2. Observation and interview on 1/28/25 at 2:47 p.m. with resident 25 revealed:
*There was a stop sign on her door and a cart outside that room that contained gowns and gloves.
*She wore a boot on her left foot from a recent surgery on her toe.
*She was frustrated that she shared a bathroom with the female resident next door.
Observation and interview on 1/30/25 at 8:03 a.m. with resident 25 revealed:
*There had not been any signage on her door that indicated she was on enhanced barrier precautions (EBP).
*She stated she had one toe with a wound and a dressing on it, but the nurse had not looked at it today (1/30/25).
*She stated that staff had worn gloves but not gowns when they assisted her.
Review of her 1/24/25 weekly wound observation tool revealed resident 25 had a four millimeter (mm) by four-mm unstageable wound to her left second toe with an undeterminable depth.
Review of resident 25's care plan revealed no indication that resident 25 required EBP.
Interview on 1/30/25 at 2:21 p.m. with wound care nurse (WCN) I and infection preventionist (IP) C who participated by phone revealed:
*Resident 25 had an open wound to her left toe.
*WCN I was unsure if resident 25 was on EBP for wound care and stated she would need to consult with the infection preventionist.
*WCN I called IP C at home to join the interview.
*IP C stated she had removed resident 25 from EBP because she did not think a Band-Aid was a dressing that required EBP.
*WCN I confirmed that resident 25 had an open wound on her left toe with a Medihoney (wound healing) dressing.
*IPC stated, I would put her back on EBP with that information.
3. Observation on 1/28/25 at 11:12 a.m. with resident 62 and certified nursing assistant (CNA) X revealed:
*There were two signs on resident 62's door and a cart outside that room contained gowns and gloves.
-One sign indicated, STOP please see nurse, and the other indicated, Steps to put on PPE 1. Put on Gown and tie 2. Put on gloves.
*Resident 62 was in her room calling out, Please come.
*CNA X entered resident 62 room and closed the door.
*The surveyor then entered the room.

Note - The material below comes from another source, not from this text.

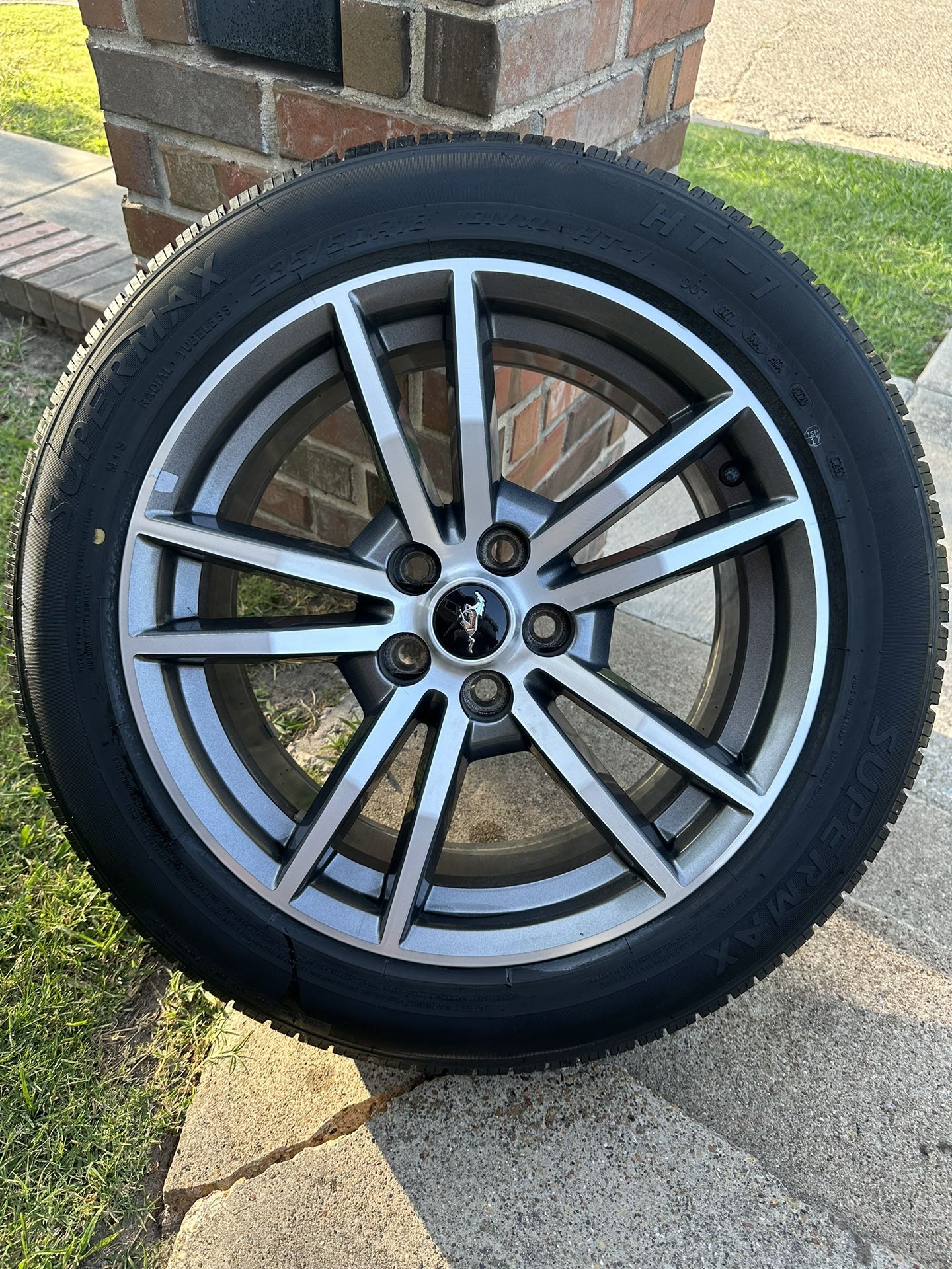 These are stock 18’s premium mustang wheels they have about 50% life left and are in good conditions only one has small curb rash they also come with tpms sensors in them ready to program just took them off my mustang due to buying new wheels 650$ or best offer

Resident 62 was seated on the toilet and CNA X was not wearing a gown or gloves.
*CNA X exited the bathroom and without completing hand hygiene, put on a pair of gloves and finished assisting resident 62.
Interview on 1/30/25 at 7:49 a.m. with WCN I revealed resident 62 was on enhanced barrier precautions (EBP) for a foot wound.

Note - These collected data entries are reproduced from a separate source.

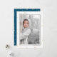 Las tarjetas de fotos elegantes y lindas son perfectas para todos tus amigos y familiares en esta temporada de fiestas. Personaliza el texto "saludos de la temporada" con tus propios saludos y cambia el nombre de la familia y el año y reemplaza la imagen por una foto de tus hijos, mascota o toda la familia. El diseño presenta un borde negro alrededor de la imagen con bokeh dorado en el fondo y un lugar para poner el nombre de tu familia y el año. La parte trasera presenta el mismo bokeh dorado con estrellas doradas sobre un fondo azul.
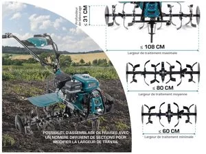 Avec une largeur de travail de 108 cm et une profondeur de 35 cm, il est idéal pour les grandes surfaces. Le réservoir de carburant de 3,6 litres et le carter d’huile de 0,6 litre permettent une autonomie suffisante pour les travaux intensifs. La transmission axiale conique et la boîte de vitesses à multiples rapports offrent une excellente polyvalence, y compris la marche arrière.
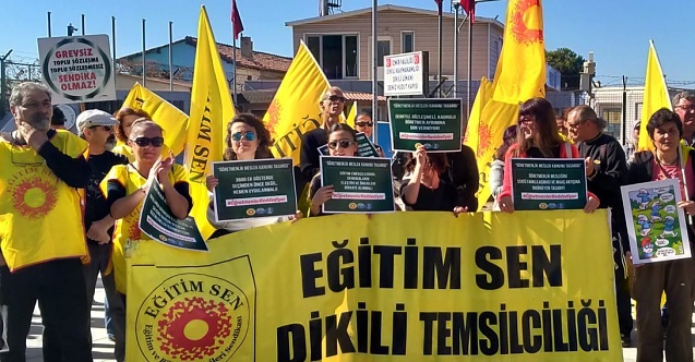 Öğretmenlik Meslek Kanunu (ÖMK) başta olmak üzere; ekonomik talepler ile öğretmenlik mesleğinin itibarsızlaştırılmasına karşı bir araya gelen öğretmenler ülke çapında iş bıraktı. İş bırakma kararına Dikili Eğitim-Sen Şube Temsilciliğinden de destek geldi.
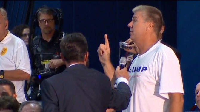 An anonymous man asks candidate Trump a loaded question about Muslims. Why might it be fake? A. Man identifies all Muslims as bad and dangerous. (Including Obama.) B. Man asks Trump, “How do we get rid of them?” C. He brings up the “birther” controversy. D. His name is hopelessly garbled by the announcer. The MSM acts in moral outrage blaming Trump for not “defending Obama”.
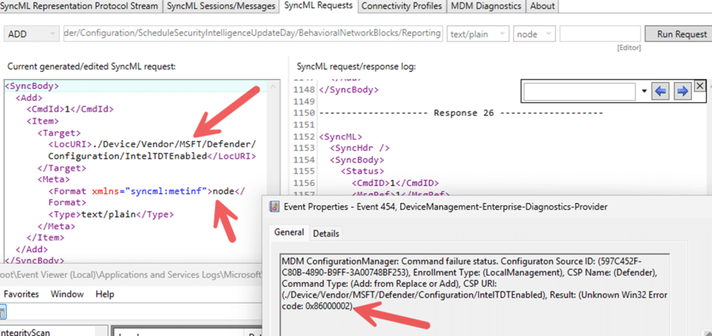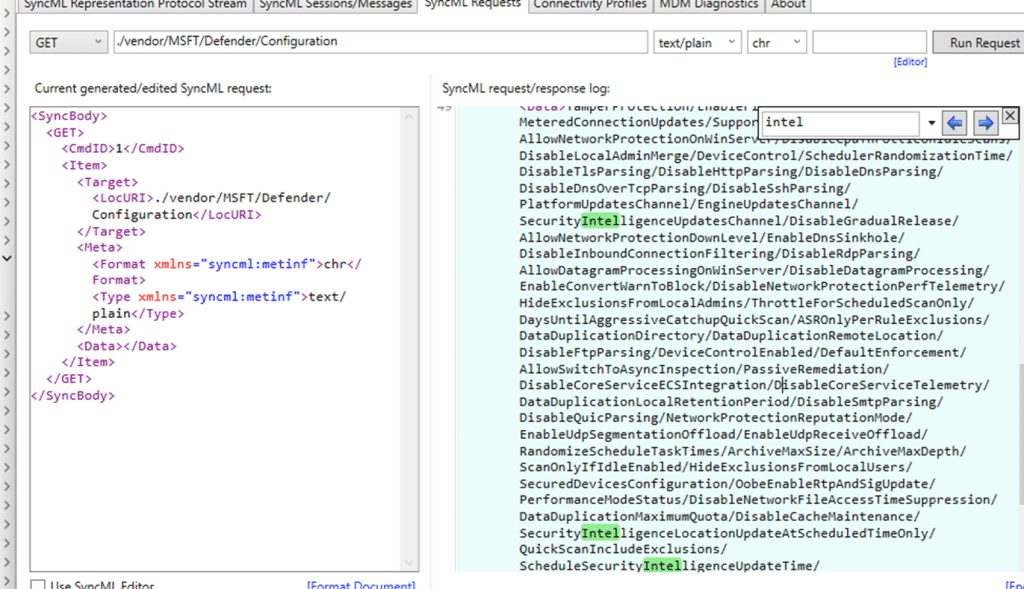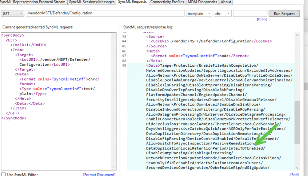 To remove Intune from the equation, the next step was to test the configuration directly through SyncML. Using the local SyncML testing tool, we queried the configuration CSP defender node to find out if the IntelTDT was indeed gone
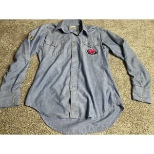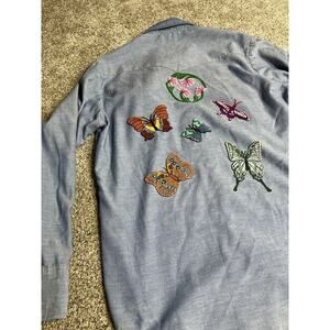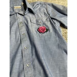 Vintage Sears Western Wear Pearl Snap Shirt Butterfly Flower Appliqué 15-15.5
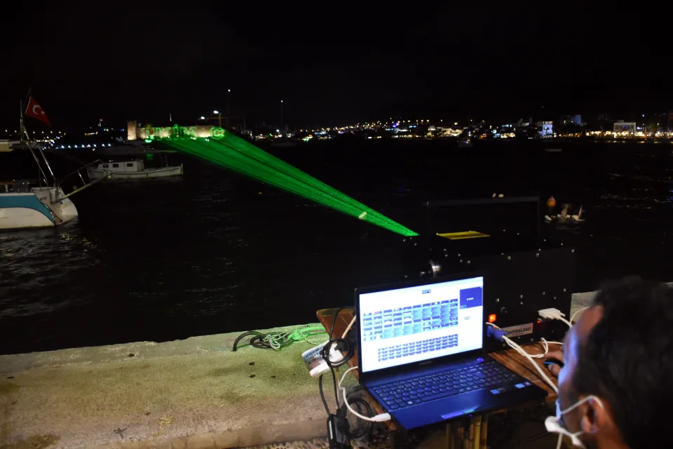 Daha sonra meydana kurulan platformdan Bodrum Kalesi'nin duvarına lazerle "29 Ekim Cumhuriyet Bayramımız Kutlu Olsun" yazısı yansıtıldı. Kale duvarında zaman zaman Atatürk'ün silueti ve imzası da gösterildi.

Interview on 1/30/25 at 8:07 a.m. with resident 62 who used a whiteboard for communication revealed:
*Staff sometimes wore a gown and gloves when they assisted her, but some times she had to get to the toilet so fast that they did not.
*She indicated she had to use the shared bathroom frequently, had difficulty waiting, and sometimes had to wait for the other resident to be done in the bathroom.

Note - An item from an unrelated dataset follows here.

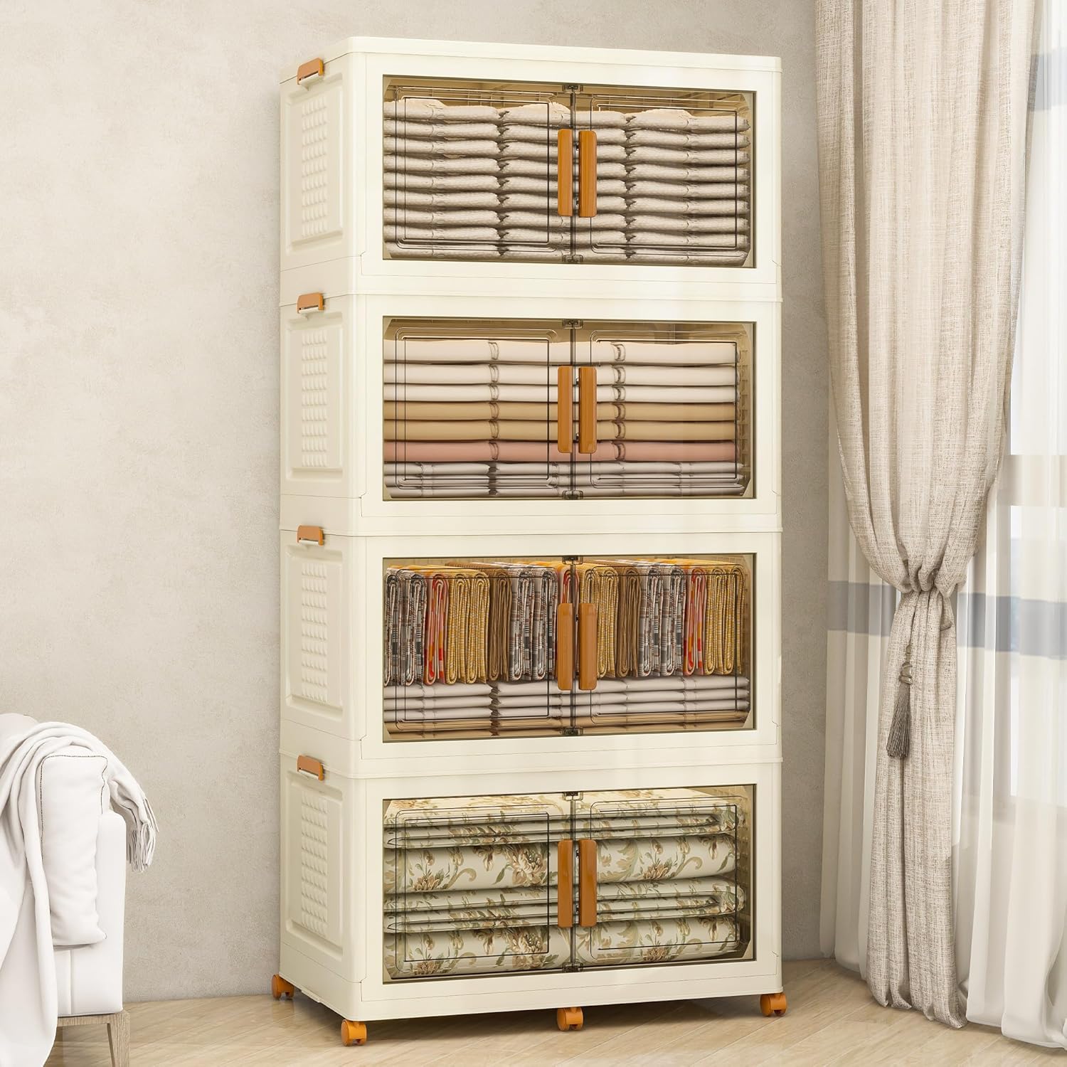 Plastic Stackable Storage Bins with Lids and Wheels, Foldable Closet Organizers and Storage Containers, Collapsible Clear Drawer Storage Cabinet with Doors White 152Gal

Interview on 1/30/25 at 8:10 a.m. with CNA U regarding precautions revealed:
*The sign on resident 62's door indicated that staff needed to wear a gown and gloves while providing her direct care, but it was okay to go in to talk to her or deliver items to her room.
*Resident 62 had an infection in her leg.
*A sign was to be on a resident's door, and she used a pocket care plan to know which residents required staff to wear gowns and gloves while providing their direct care.
*She stated that information was also in the residents' care plans in the EMR.
The provided pocket care plan did not indicate that resident 62 required EBP.
Observation on 1/30/25 at 8:15 a.m. at the North Oak nurses' station revealed:
*A sign with a list indicated what residents in that area were on EBP.
-There were two residents on that list however resident 25 and resident 62 were not listed.
Interview on 1/30/25 between 8:31 a.m. and 8:40 a.m. with licensed practical nurse (LPN) M and WCN I revealed:
*LPN M stated resident 62 was on EBP for a heel wound and staff were to wear a gown and gloves when providing direct care.
*LPN M expected to see resident 62's name on the list of residents that required EBP.
*LPN M expected the CNAs to find information on which residents required EBP on the pocket care plan.
*WCN I stated that the EBP list had been updated yesterday (1/29/25) and that residents with wounds and catheters that required the use of EBP were on that list.
*Signs were to be on those resident room doors.
*Residents who required precautions for COVID-19 or contact precautions would be listed on a separate sign.
*There were no other lists or signs at that nurse's station.
*There were no residents in the North Oak area on COVID-19 or contact precautions.
Review of resident 62's EMR revealed:
*She was admitted on [DATE] with a diabetic ulcer (wound) on her right foot.
*Her care plan indicated hx [history] of MRSA [methicillin-resistant Staphylococcus aureus] from the wound on her right foot.
*The care plan indicated, CONTACT ISOLATION: Wear gowns and masks when changing contaminated linens. Place soiled linens in bags marked biohazard. Bag linens and close bag
tightly before taking to laundry.
*There was no documentation in the care plan that indicated the staff were to use a gown or gloves with resident contact.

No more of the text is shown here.